DeepForest is primarily designed for individual tree detection. The training data, the evaluation routine, and the visualization tools are all geared towards this aim. However, the underlying engine (keras-retinanet) is agnostic to the number of classes. This means that users who want to experience with multi-class models may do so at their own risk. It is not known how well RGB data can be used to predict tree classes, but recent research suggests it is possible. For those interested in multiple classes a few words of intuition. Please note that these are all hypotheses at this point, much more work is needed to validate the best way forward.

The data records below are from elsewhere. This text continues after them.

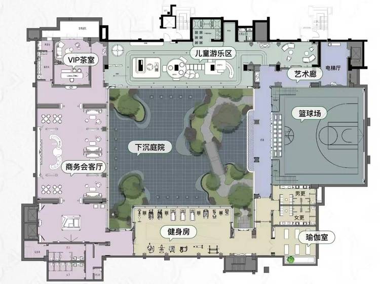 新中式园林、全抬板社区、儿童活动区、健身区、休闲会客区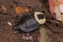 Adults are 12 to 22 mm long. The pronotum is primarily a pale yellow with a black spot in the center. In the southern portion of the range, the elytra are entirely black while in the northern portion they have a yellow rear tip. The elytra are shorter than the body of the beetle, leaving the tail end slightly exposed. The larvae are black and appear armored.[3]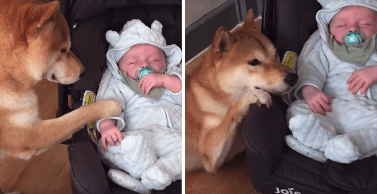 The Shiba Inu was seen being the absolute best babysitter she could be with her new human sibling. Of course, Mom had to record the adorable moment. Thankfully, she decided to share it with the rest of us!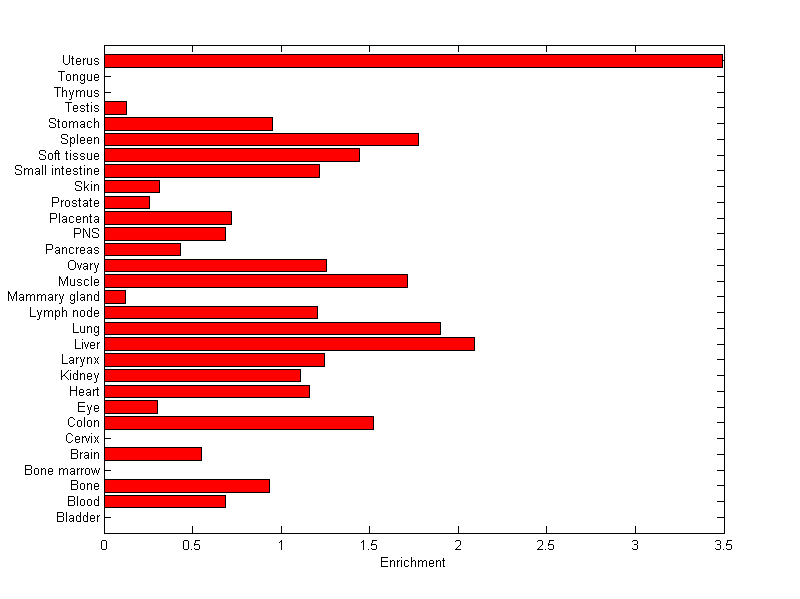 The expression level is normalized with tissue-library size. Each value for a gene in a tissue is a ratio of observed ESTs to the expected one in this tissue. The expected number of ESTs is the product of total ESTs of the gene and the fraction of total ESTs in the tissue among all ESTs in 30 tissues.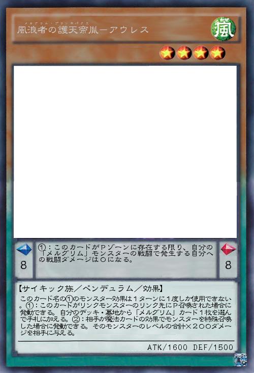 「オリジナルテーマ「メルグリム」「プリンキパクス」のペンデュラムモンスターです。カード名の「風浪者の護天帝胤」のルビは「メルグリム・プリンキパクス」です。」(2023-03-04 21:32)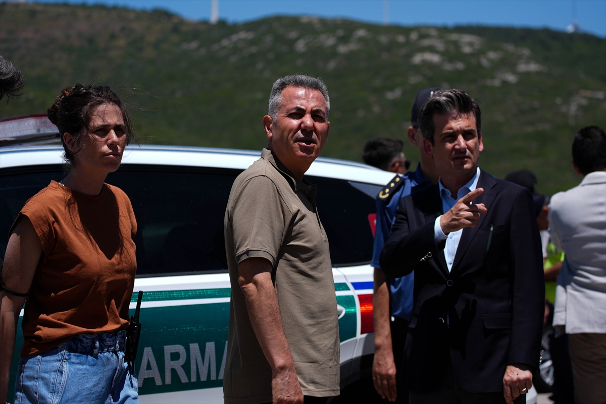 Çeşme'deki yangın bölgesinde incelemelerde bulunan Elban, söndürme çalışmalarıyla ilgili yetkililerden bilgi aldı.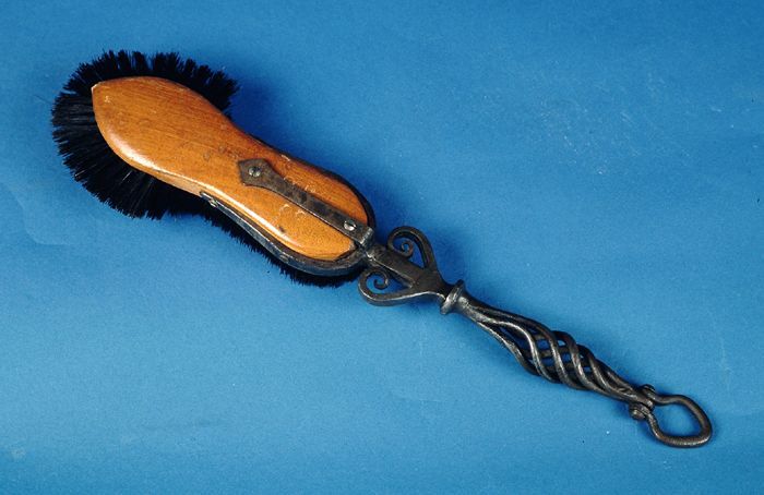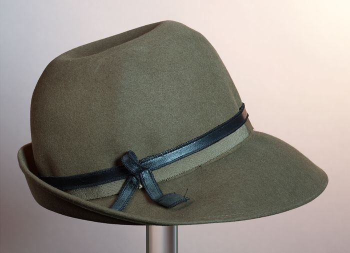 Dameshoed van bruin haarvilt, zwart leren bandje met...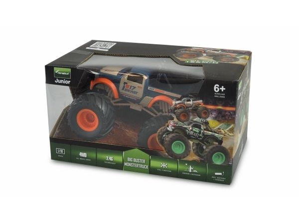 Der Big Buster von Amewi ist ein cooler Monstertruck mit überdimensionierten Reifen. Hohe Bodenfreiheit, tolle Lackierung und einfache Bedienung sind nur ein paar der Eigenschaften die dieser Monstertruck besitzt. Das 2WD Modell wird mit Akku, Ladekabel (USB) und Pistolensender 2,4Ghz ausgeliefert. Der 500mAh Akku 3,7V LiIon sorgt dabei für Fahrzeiten von 6 - 8 min. bei einer Geschwindigkeit von bis zu 15km/h und das sowohl In- als auch Outdoor. Alle Funktionen sind über den Sender steurbar. (Vor / Zurück, Rechts / Links). Lediglich die Batterien für den Sender (2x 1,5V Mignon AA) werden noch benötigt. Ein asolutes Spaßmodell für Kinder und Einsteiger. Durch den hohen Aufbau ist das Fahrzeug zudem auch Spritzwasser geschützt.
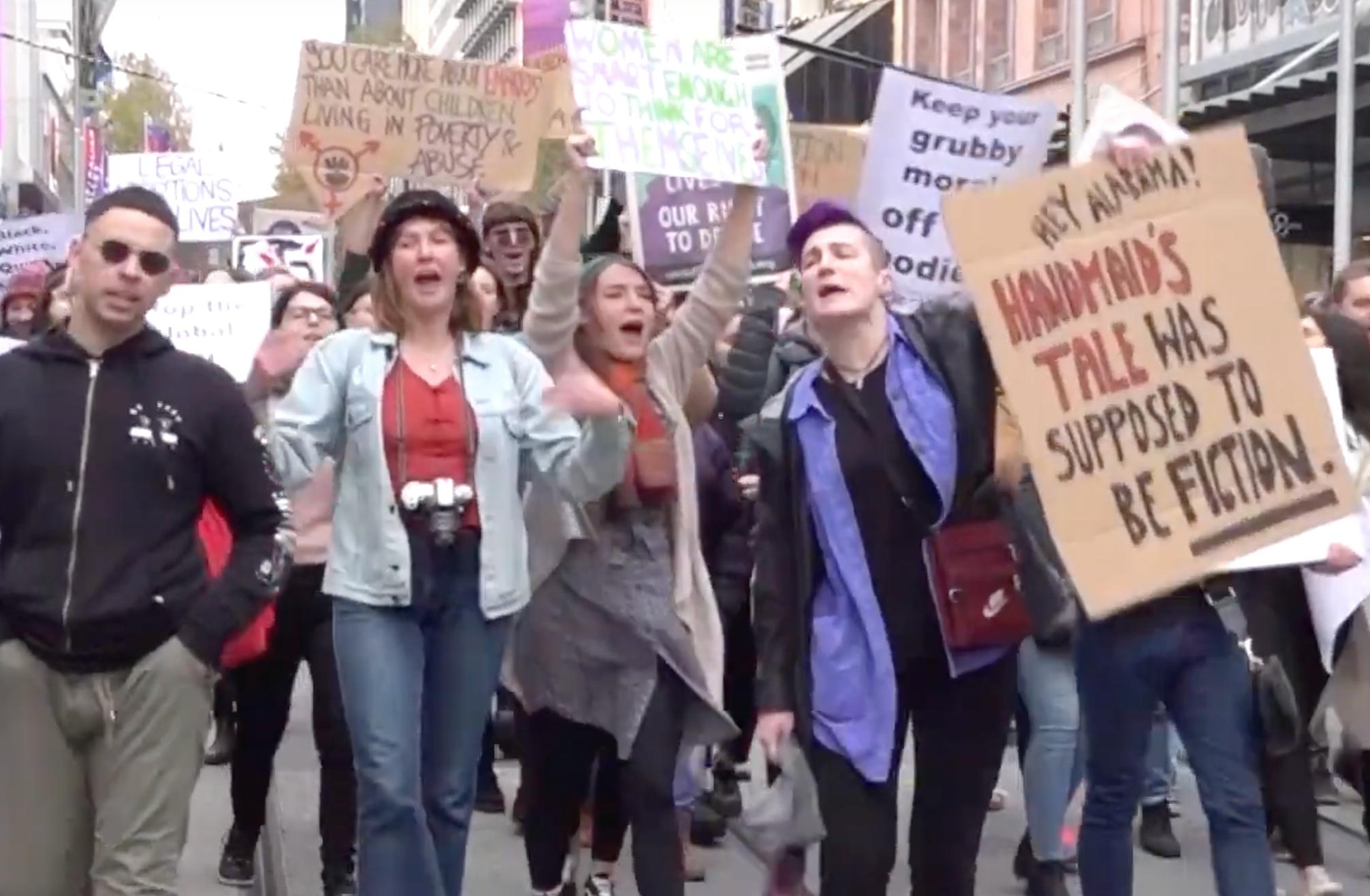 Outrage over strict USA abortion laws that prevent rape and incest victims from terminating a pregnancy spilled onto the streets of Melbourne last night.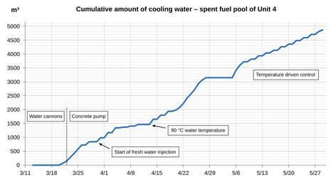 | Keywords: Fukushima I spent fuel pool 4 cooling water March-May 2011 en.svg en Cumulated amounts of water sprayed onto and into the spent fuel pool of Fukushima I nuclear power plant from March 20 to May 28 2011; data from http //www nisa meti go jp/english/ NISA reports own PM3 2011-06-01 German File Fukushima I spent fuel pool 4 cooling water March-May 2011 svg Cc-zero Data graphs relating to the Fukushima I Nuclear Power Plant | ||||

- Label every tree in your image, regardless of classes
Deepforest learns on a per image basis. Therefore if you have trees in an image that belong to a class, but are not labeled, you are confusing the network and will get poor performance. Field-collected data are often incomplete, with some trees labeled and other trees unlabeled. If so, consider (#3) and try to use a cascaded network strategy. If you are labeling the image by hand, we anticipate a two class model of “Target Species” and “Other” will perform better than simply labeling the target species. It is worth trying both approaches, but I would anticipate it being more effective and in line with existing model weights.
- Multi-class losses will take longer to train.
Finetuning of the prebuilt model often takes only a few epochs (5-10). I anticipate that a multi-class model will take many epochs (>100) to both learn the spatial position of the tree, and its target class. If you are monitoring the losses in comet or looking at the deepforest.plot_curves(), I anticipate that the bounding box regression loss will drop significantly before the class loss.
- Consider a cascaded network to separately predict classes and trees.
An alternative strategy is to first use DeepForest is delineate trees, and then feed these crops into a 2nd neural network for classification. This may be an easier way of dealing with incomplete labels.